Starting with the opening line of the entries below, transcribe each line exactly up to and including the one that has "CC27-25113款针织衫条纹镂空减龄拼接开衫外搭高级感配裙子早秋新"; pictures are not copied.

(Stored entries)
+ + + +

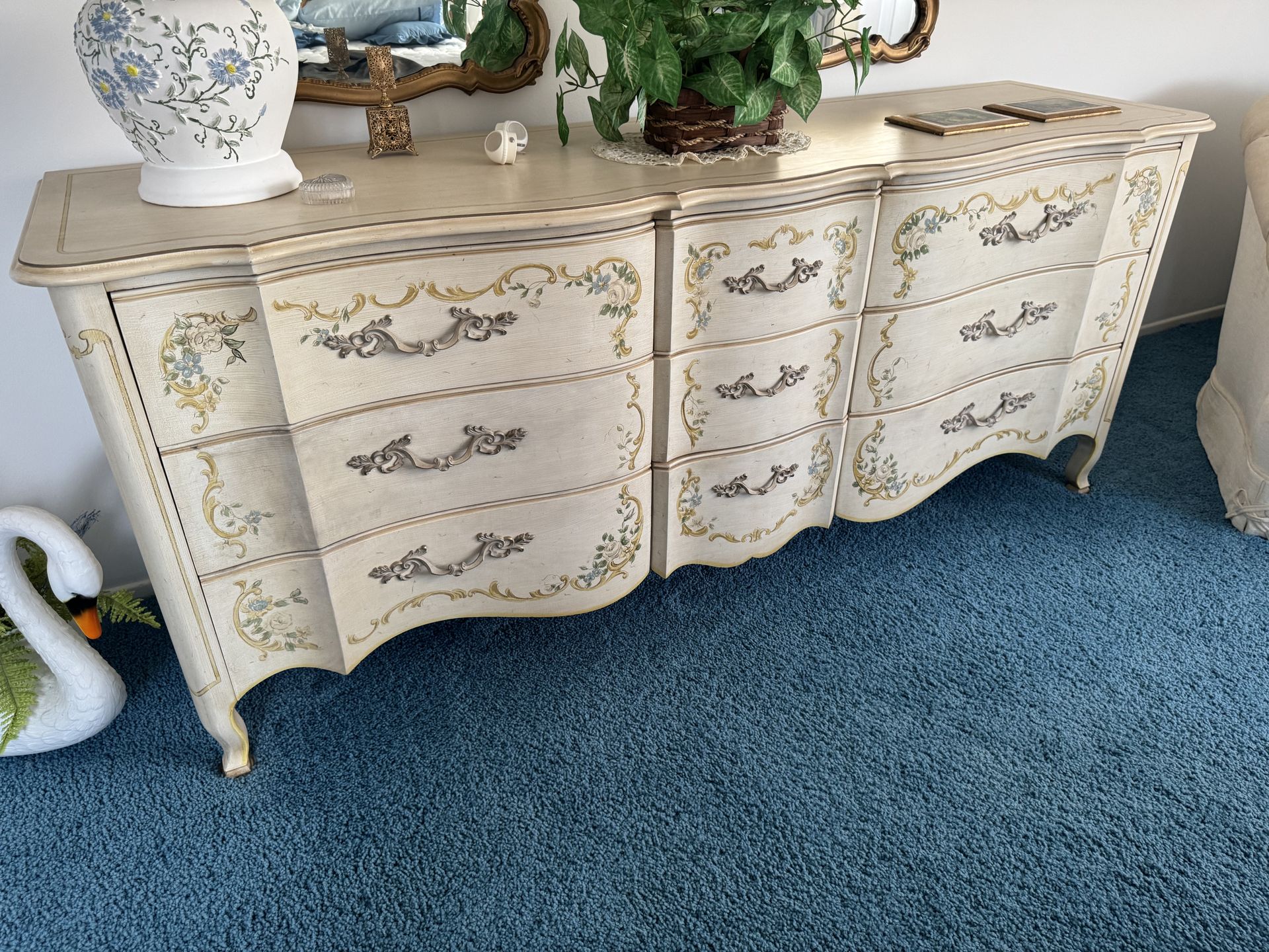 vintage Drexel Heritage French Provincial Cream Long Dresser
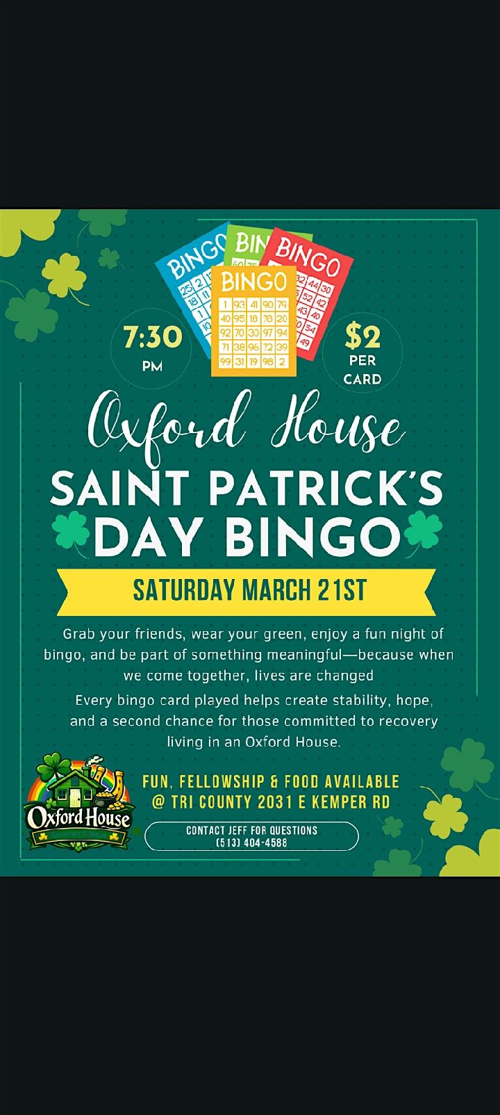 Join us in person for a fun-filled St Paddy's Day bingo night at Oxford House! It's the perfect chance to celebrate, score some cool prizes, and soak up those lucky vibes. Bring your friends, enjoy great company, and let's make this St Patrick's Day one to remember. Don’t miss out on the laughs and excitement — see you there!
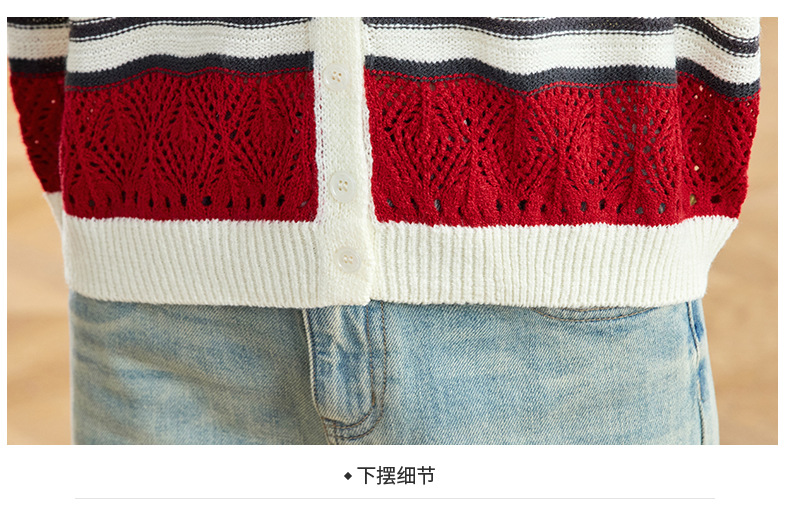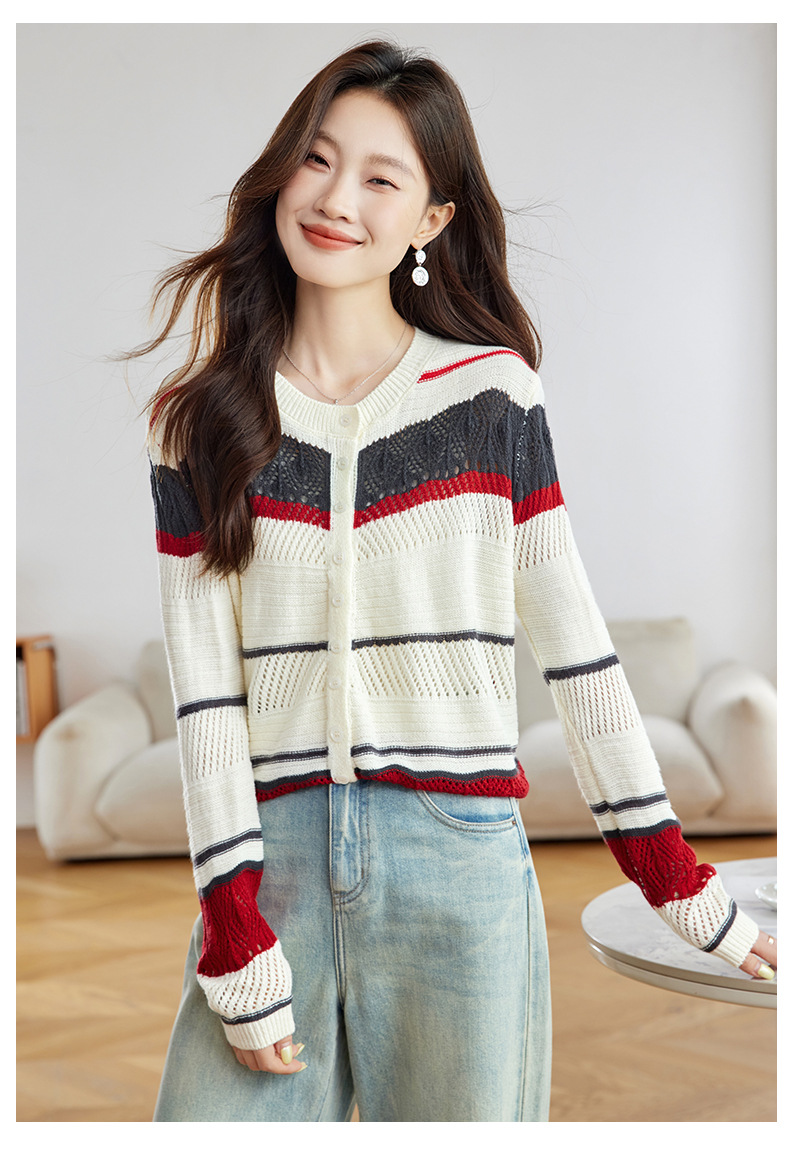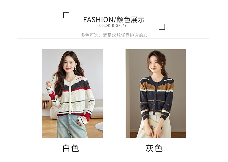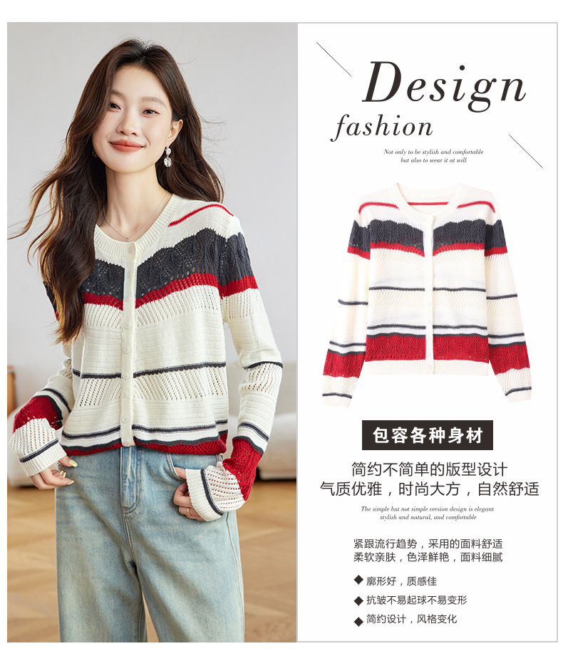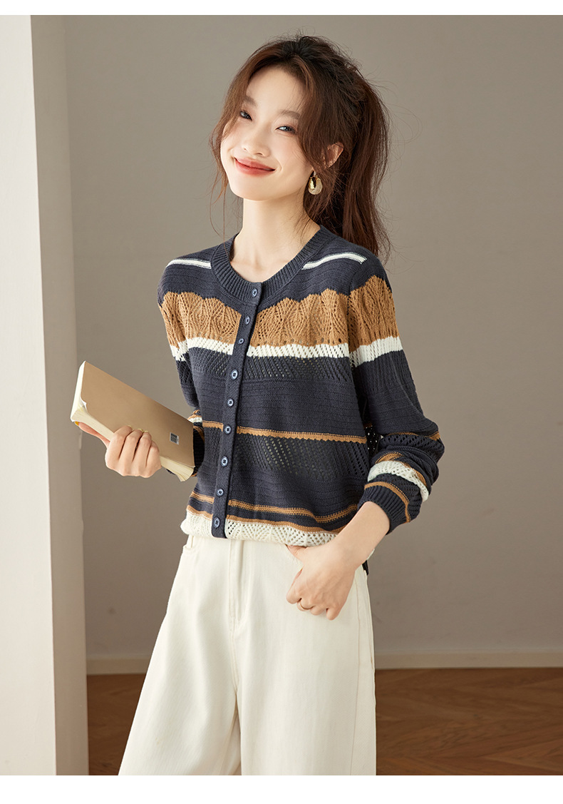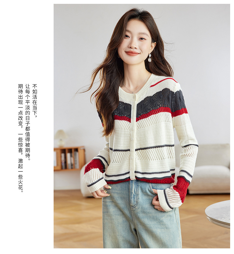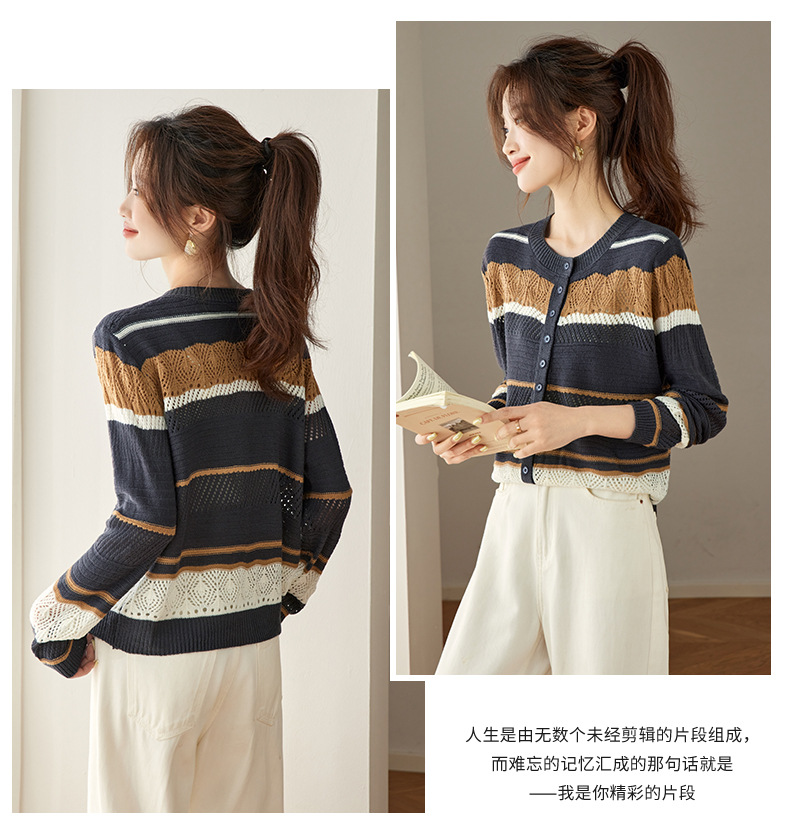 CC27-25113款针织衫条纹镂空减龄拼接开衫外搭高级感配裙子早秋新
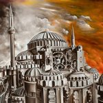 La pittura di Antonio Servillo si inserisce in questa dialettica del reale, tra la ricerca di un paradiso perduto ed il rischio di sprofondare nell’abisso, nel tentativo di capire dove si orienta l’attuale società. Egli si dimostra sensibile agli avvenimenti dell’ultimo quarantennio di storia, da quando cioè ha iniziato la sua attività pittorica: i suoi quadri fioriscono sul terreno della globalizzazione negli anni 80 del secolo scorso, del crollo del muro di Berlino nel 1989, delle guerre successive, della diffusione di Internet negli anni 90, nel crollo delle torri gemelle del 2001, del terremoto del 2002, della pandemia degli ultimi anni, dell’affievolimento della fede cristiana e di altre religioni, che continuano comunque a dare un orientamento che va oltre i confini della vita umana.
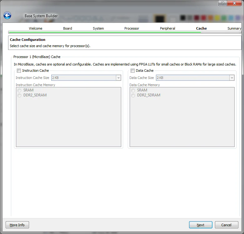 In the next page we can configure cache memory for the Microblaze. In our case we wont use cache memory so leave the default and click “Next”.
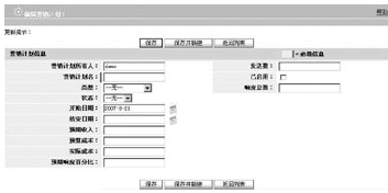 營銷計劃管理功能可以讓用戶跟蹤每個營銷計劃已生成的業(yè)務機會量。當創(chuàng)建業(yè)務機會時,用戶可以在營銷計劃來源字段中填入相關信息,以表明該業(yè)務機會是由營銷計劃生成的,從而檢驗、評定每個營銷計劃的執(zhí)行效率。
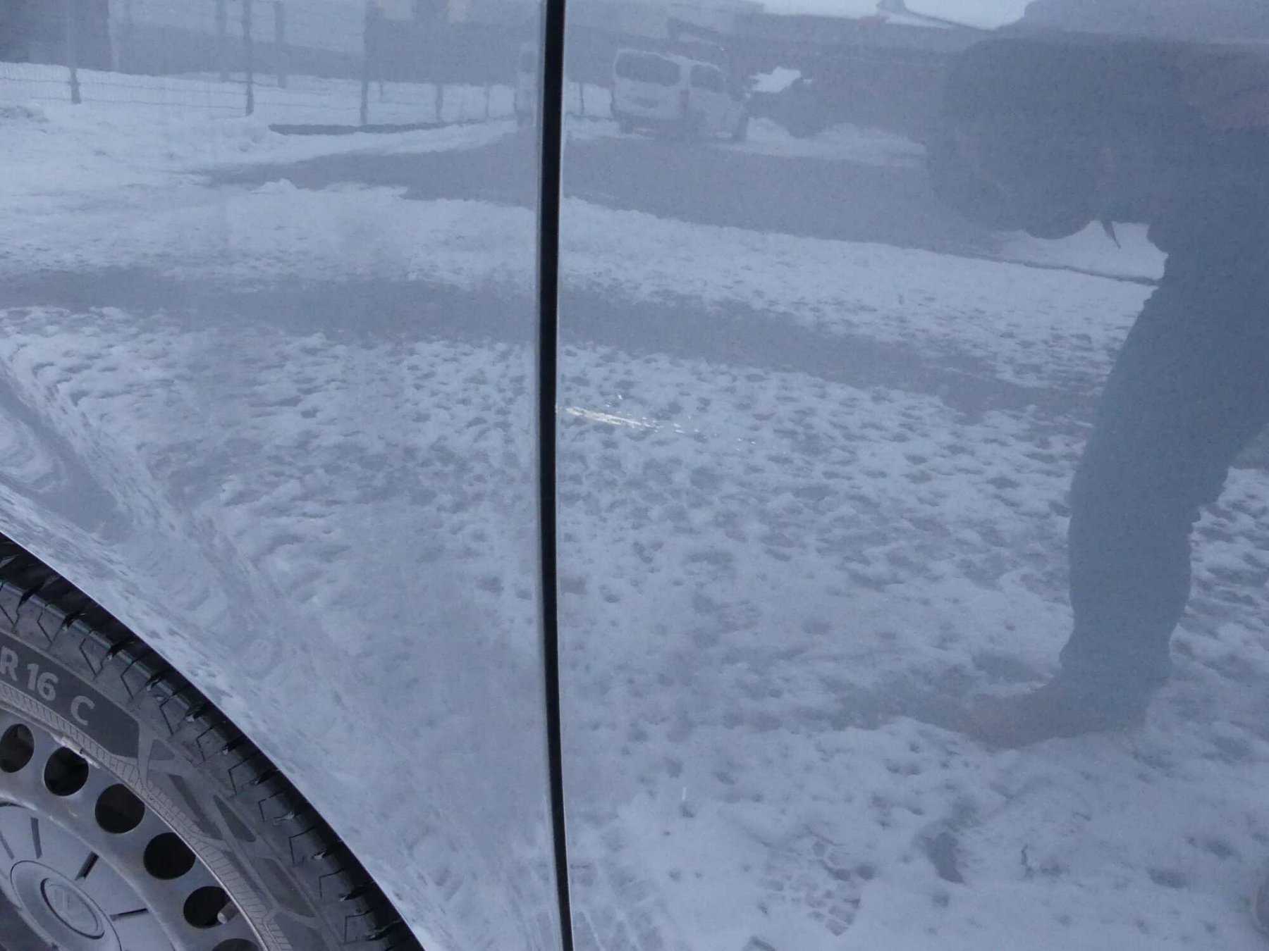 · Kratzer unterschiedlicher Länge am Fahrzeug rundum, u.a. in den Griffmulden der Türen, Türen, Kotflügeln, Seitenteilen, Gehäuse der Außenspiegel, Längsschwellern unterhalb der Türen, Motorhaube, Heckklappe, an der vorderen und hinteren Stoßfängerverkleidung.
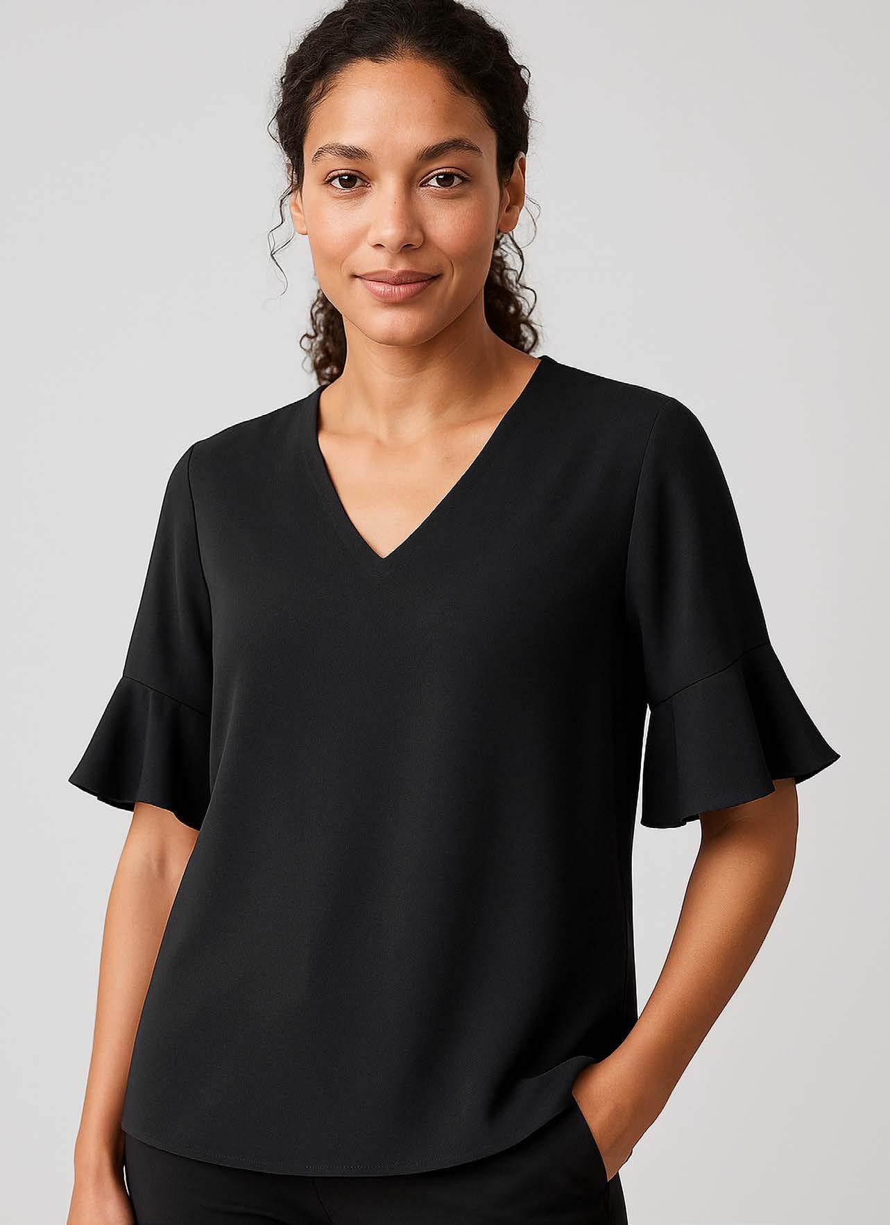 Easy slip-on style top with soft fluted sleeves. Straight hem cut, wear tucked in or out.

+ + + +

▶ _RESULT_:
 vintage Drexel Heritage French Provincial Cream Long Dresser
 Join us in person for a fun-filled St Paddy's Day bingo night at Oxford House! It's the perfect chance to celebrate, score some cool prizes, and soak up those lucky vibes. Bring your friends, enjoy great company, and let's make this St Patrick's Day one to remember. Don’t miss out on the laughs and excitement — see you there!
 CC27-25113款针织衫条纹镂空减龄拼接开衫外搭高级感配裙子早秋新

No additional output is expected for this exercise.